Fifth, GenAI models are particularly vulnerable to malicious data injection, which can have significant and long-term consequences – and has the potential to eliminate any good that can come out of using the tool.

If training data is intentionally tampered with or the model is injected with malicious data, it can cause the GenAI model to permanently generate incorrect, false or highly offensive responses. 

Lastly, governance of GenAI models, for example testing models for prejudice and bias, is crucial, but it can be a challenge to provide processes and technical controls to manage versions of GenAI models in an agile but version-tracked manner.

Tackling GenAI fraud management

For enterprises, including financial institutions, to protect against the above risks it is imperative that they equip existing security and data architectures to handle GenAI functions. 

First, in order to protect against GenAI fraud, it is crucial that enterprises have monitoring and policies in place that reduce the chance of inadvertently sharing the company’s intellectual property, as well as personally identifiable information with GenAI.

Being aware of, and staying appraised of, external factors that could dictate, affect or infiltrate the training data is key.
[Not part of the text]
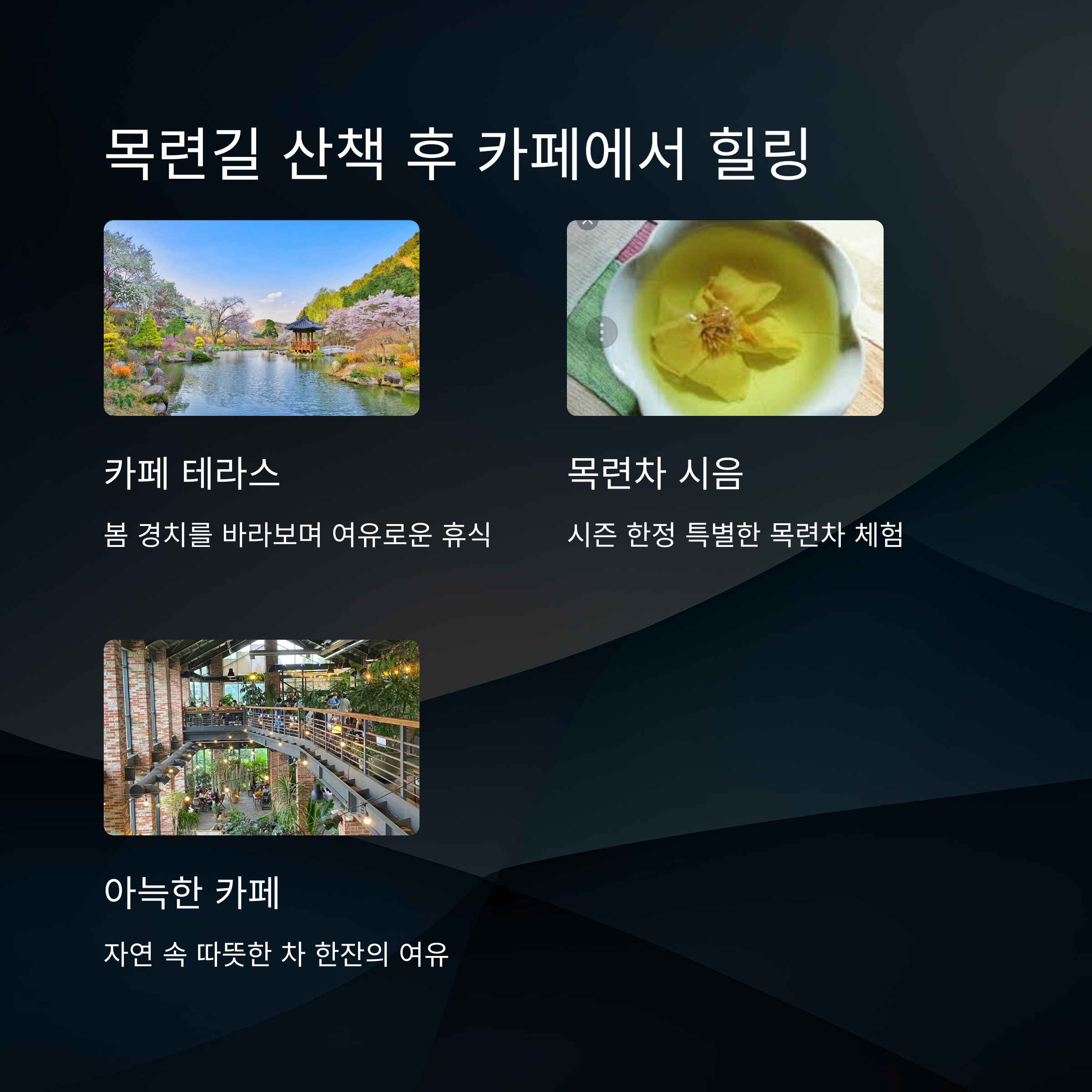 | 카페, 체험 프로그램 등 즐길 거리 풍성 | 포토존과 함께 인생샷 남기기 좋은 장소 | 조용하고 한적한 봄날의 여행지 |

Second, the enterprise should obtain from the vendor evidence of GenAI model explainability when defending the output of GenAI. Explainability includes requesting that the vendor provide reason codes to support GenAI’s decisions.

Lastly, Forrester recommends implementing GenAI as part of a larger tool set. Indeed, using GenAI as only one of the tools available for fraud management and anti-money-laundering policy authoring will significantly reduce the opportunity for malicious activity.

In summary

It is important to be mindful of third-party risk management when implementing GenAI.

All too often we see GenAI users focus too heavily on how the technology will boost productivity but fail to recognise or consider the threat to security and regulatory compliance.

For example, we see increasing numbers of employees feeding sensitive data into GenAI models such as ChatGPT, which could jeopardise the integrity of the company’s security.

Businesses looking to partner with or utilise third-party GenAI applications must implement thorough, disseminated security protocols before employees start using it.